First, the why answers that it is when the mindset governing Pakistan along with the society is devoid of character, principles, accountability and the rule of law. When the line drawn between right and wrong has been erased in the last more than five decades, how can one expect paradigm shift as far as the culture of merit is concerned? Starting from nationalisation of factories, industries, banks, insurance companies and educational institutes in 1972, the then government of Bhutto compromised on merit and inducted people on political and personal grounds. The damage done to integrity, honesty, character and accountability in the workplace of Pakistan is so deeply rooted that no government since 1972 has been able to reverse the process of corruption and nepotism. When taking bribe and compromising on merit in terms of appointments and policies are acceptable how can one expect responsible people to take a stand on issues which require boldness and courage? It is the mindset of elites which is devoid of principles and integrity and tends to degenerate institutions.

Second, the how points to the materialistic culture that sanctions ill-gotten money and the misuse of authority. When the perception about fearing from God’s wrath in case of loot and plunder is lost, those who want to be honest are marginalised by those who are in a majority and confident that they can escape the corruption and nepotism. The fragility of our justice system is a major reason how the mafias having deep-rooted nexus are able to snub the culture of merit. If Pakistan’s justice system is functional and not influenced by those who matter, most of the critical issues faced by this country may be resolved.
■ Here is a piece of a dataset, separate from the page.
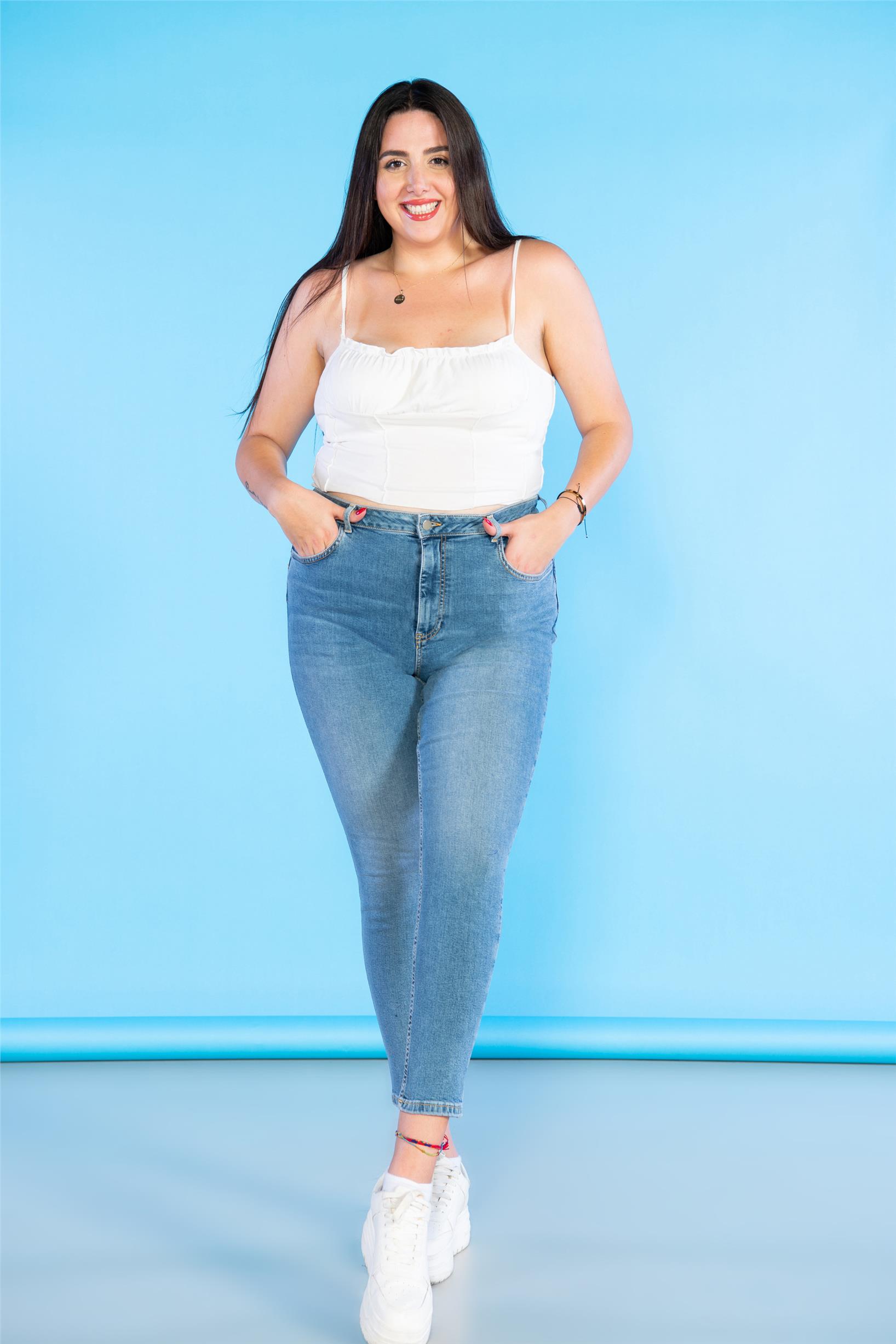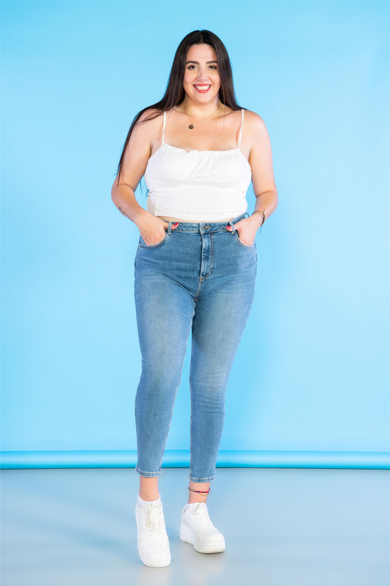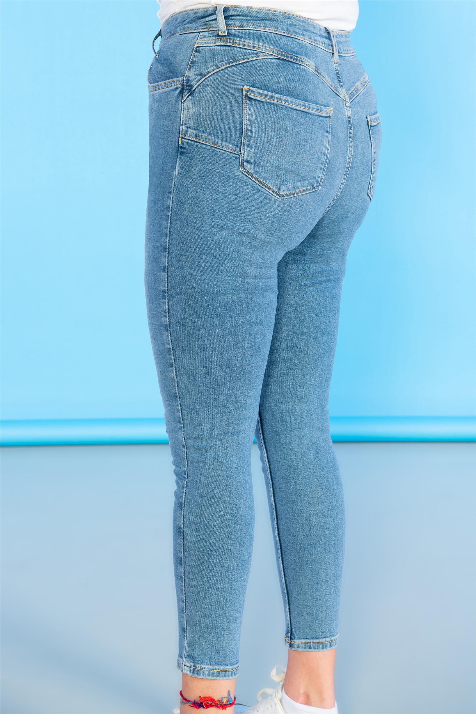 Büyük Beden Mavi Yüksek Bel Skinny Jeans

Third, no regime in Pakistan can claim that it has adhered to the culture of merit targeting nepotism and corruption. Even during the PTI government’s rule, merit was not given due consideration. Decisions on the basis of personal likes and dislikes along with political opportunism and vendetta reflected how Imran Khan let the people of Pakistan down by promoting nepotism and corruption. One example to prove this was when the then Chairman of HEC, Dr Tariq Banuri, was arbitrarily removed from his position in 2021. Person-specific amendment was made through legislation in National Assembly and his tenure was reduced from four to two years. Such an act was blatant corruption and nepotism as Khan was influenced by those who had an agenda against Dr Banuri. However, Dr Banuri went to court and was able to get relief but in the legal battle spanning a year, he had only six to seven months left to continue in office. There are several other examples to prove, particularly in Punjab, through Chief Minister Usman Buzdar, First Lady Bushra Bibi, her friend Farah Gogi and former bureaucrat Tahir Khurshid, as to how during PTI’s rule merit was compromised and exposed Khan’s so-called resolve to eradicate corruption and nepotism. Perhaps, the people of Pakistan will have to live with this culture and the erosion of merit will continue to prey upon the people in years to come.